**Task brief**
Pictures excluded, retype the lines from the one containing "Selling a handy" through the last line of the data below, both included.
= = = = =
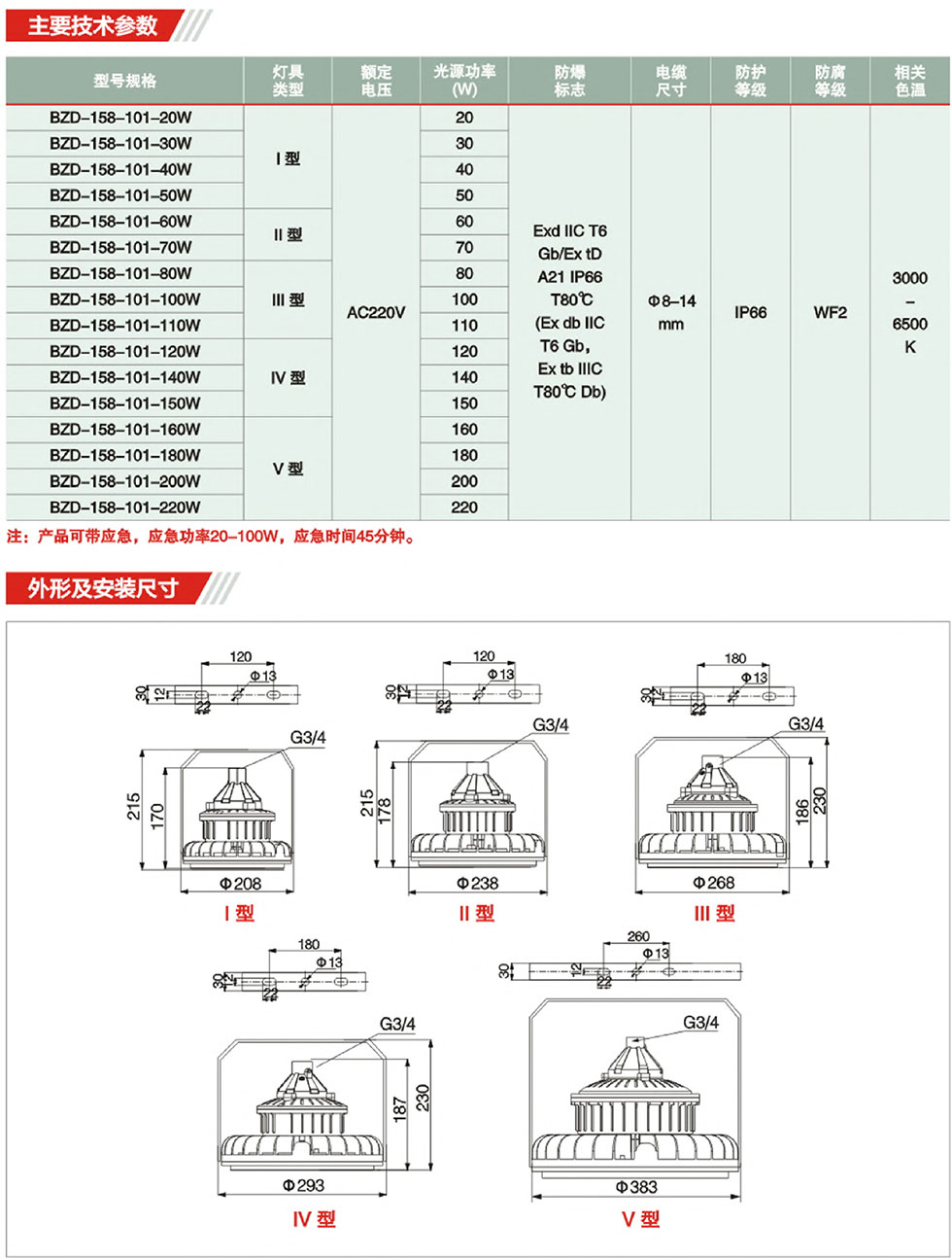 20/50/70/80/100/120/150/200/220W防爆免維護(hù)LED照明燈
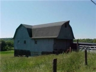 The gambrel roof enclosed a much greater volume than a gable roof did, and its shape could be formed with trusses that did not require cross beams, which would interfere with the movement and storage of hay. Also known as the curb roof, the double slopes of the gambrel offer more volume in the hayloft without increasing the height of the side walls.
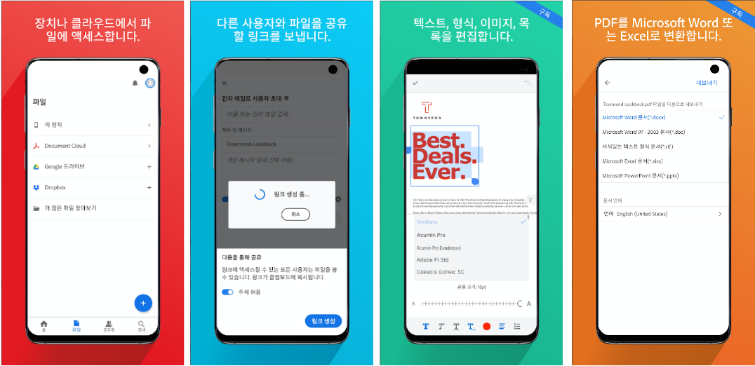 • Acrobat Reader에서 직접 Google 드라이브 파일을 생성, 보기, 편집, 결합, 압축, 내보내기, 공유 및 별표 표시할 수 있습니다.
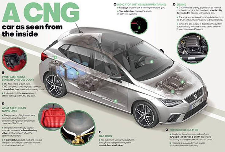 Τα αυτοκίνητα CNG είναι εξοπλισμένα με τελευταίας τεχνολογίας κινητήρα εσωτερικής καύσης, που λειτουργεί με συμπιεσμένο φυσικό αέριο ή βενζίνη. Ο οδηγός δεν αντιλαμβάνεται πότε πραγματοποιείται η αλλαγή αυτή, καθώς η απόδοση του κινητήρα είναι ακριβώς η ίδια και με τους δύο τύπους καυσίμου. Ο κινητήρας διαθέτει πολλά ειδικά ενισχυμένα εξαρτήματα για την καύση του φυσικού αερίου. Συμμορφώνεται με τους πιο αυστηρούς κανονισμούς σχετικά με τις εκπομπές και η επικέτα ECO της Γενικής Διεύθυνσης Κυκλοφορίας για τα αυτοκίνητα που τροφοδοτούνται με φυσικό αέριο το αποδεικνύει.
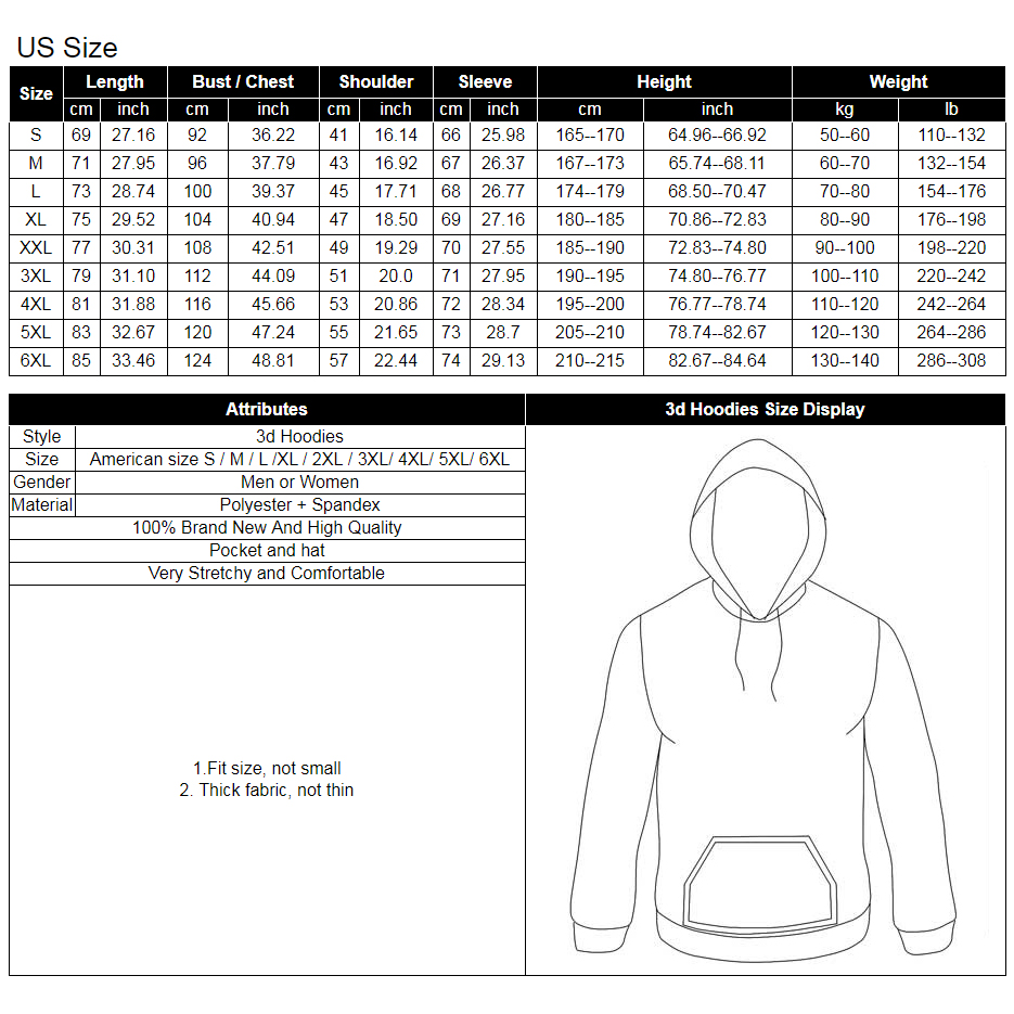 | Attributes | 3d Hoodies Size Display | ||
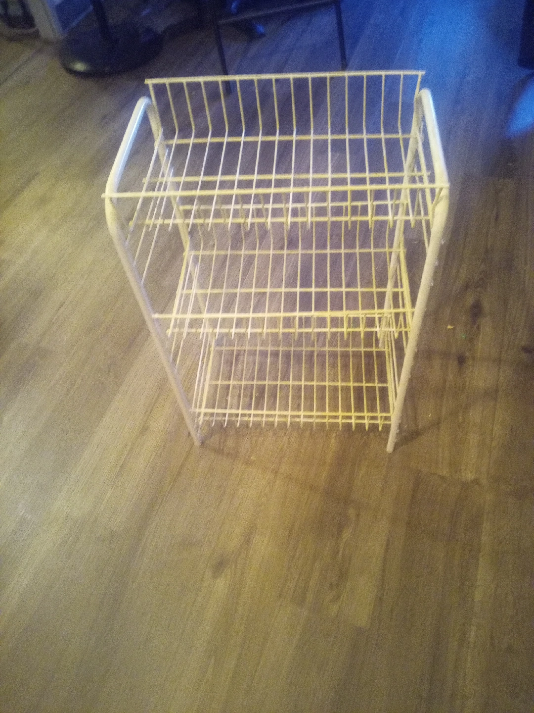 Selling a handy three-tier wire shelf rack! It's perfect for organizing items in your kitchen, bathroom, or any space that needs a little tidying up. It's in great shape and ready for a new home
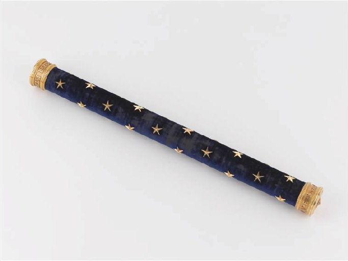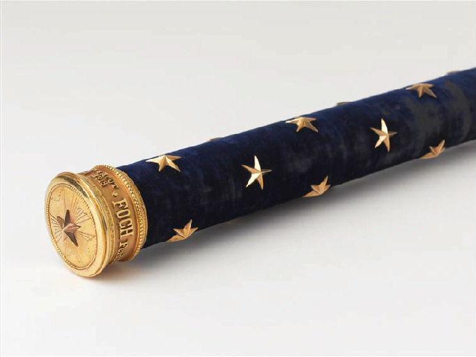 Bâton recouvert de velours bleu roi, semé d’étoiles d’or. Il est garni aux 2 extrémités de viroles d’or avec inscriptions. Il est conservé dans un étui cylindrique en cuir rouge signé CARTIER, avec une inscription dorée : AU MARECHAL FOCH 6 AOUT 1918
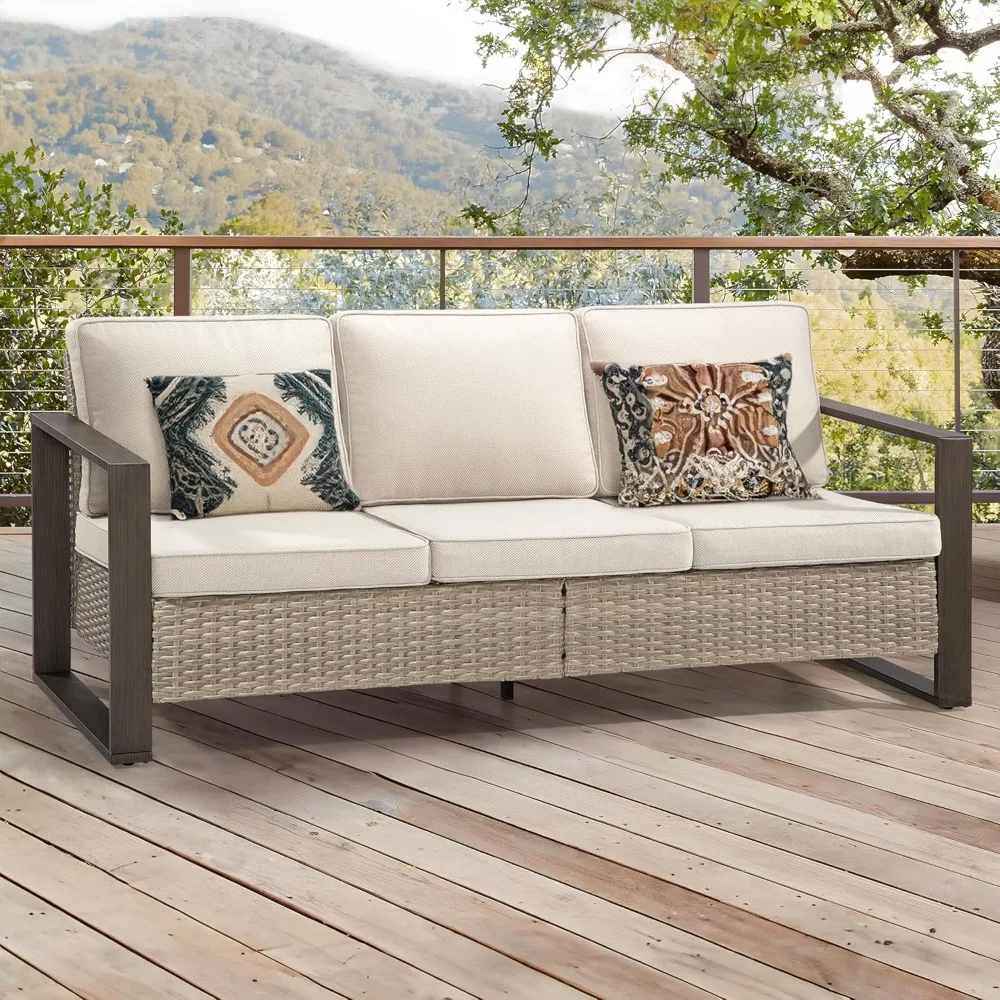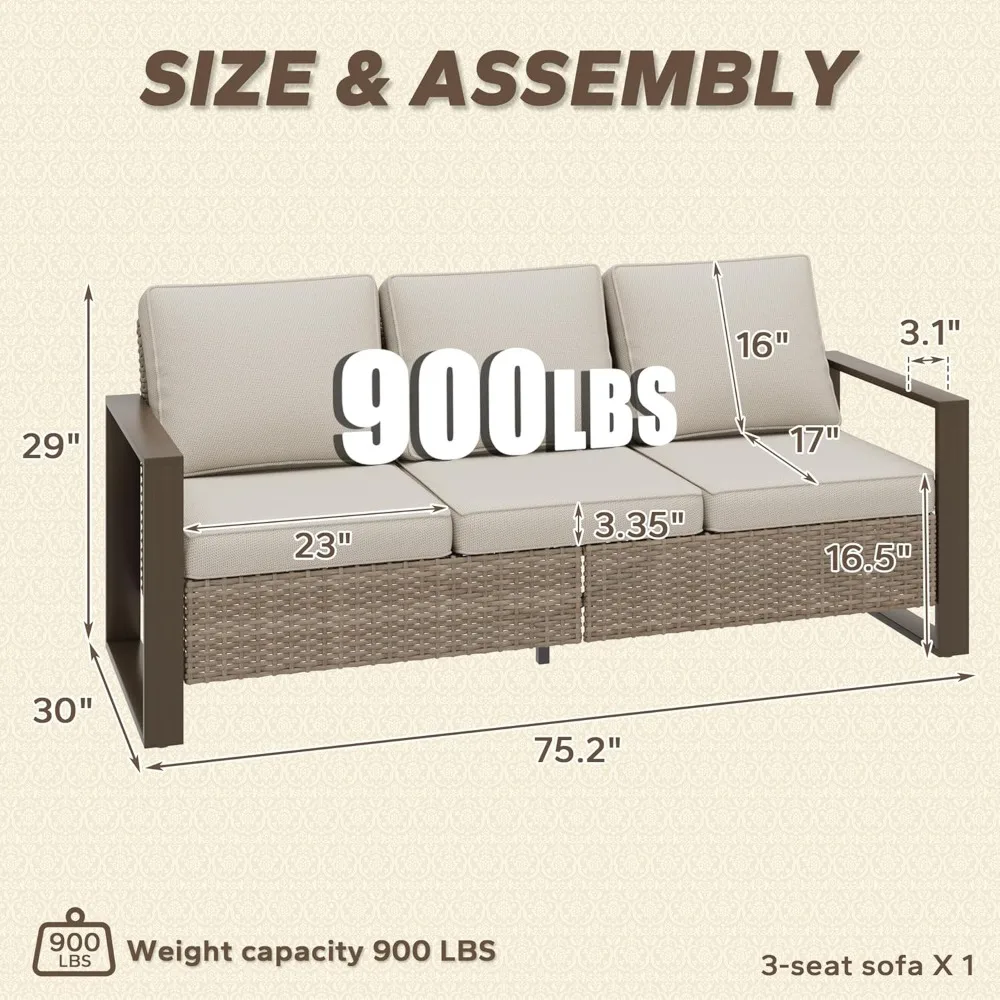 Transform your outdoor space into a serene and inviting retreat with this 75″ all-weather rattan patio sofa. Featuring a sturdy metal frame, durable wicker construction, and premium cushions, it provides comfortable seating for three while withstanding the elements. Perfect for patios, gardens, or balconies, its elegant design and durable materials create a harmonious environment for relaxation, conversation, or quiet moments in nature. This sofa blends style, comfort, and functionality, turning everyday outdoor living into a restorative and peaceful experience.
= = = = =
**Reply to the task**
 Selling a handy three-tier wire shelf rack! It's perfect for organizing items in your kitchen, bathroom, or any space that needs a little tidying up. It's in great shape and ready for a new home
 Bâton recouvert de velours bleu roi, semé d’étoiles d’or. Il est garni aux 2 extrémités de viroles d’or avec inscriptions. Il est conservé dans un étui cylindrique en cuir rouge signé CARTIER, avec une inscription dorée : AU MARECHAL FOCH 6 AOUT 1918
 Transform your outdoor space into a serene and inviting retreat with this 75″ all-weather rattan patio sofa. Featuring a sturdy metal frame, durable wicker construction, and premium cushions, it provides comfortable seating for three while withstanding the elements. Perfect for patios, gardens, or balconies, its elegant design and durable materials create a harmonious environment for relaxation, conversation, or quiet moments in nature. This sofa blends style, comfort, and functionality, turning everyday outdoor living into a restorative and peaceful experience.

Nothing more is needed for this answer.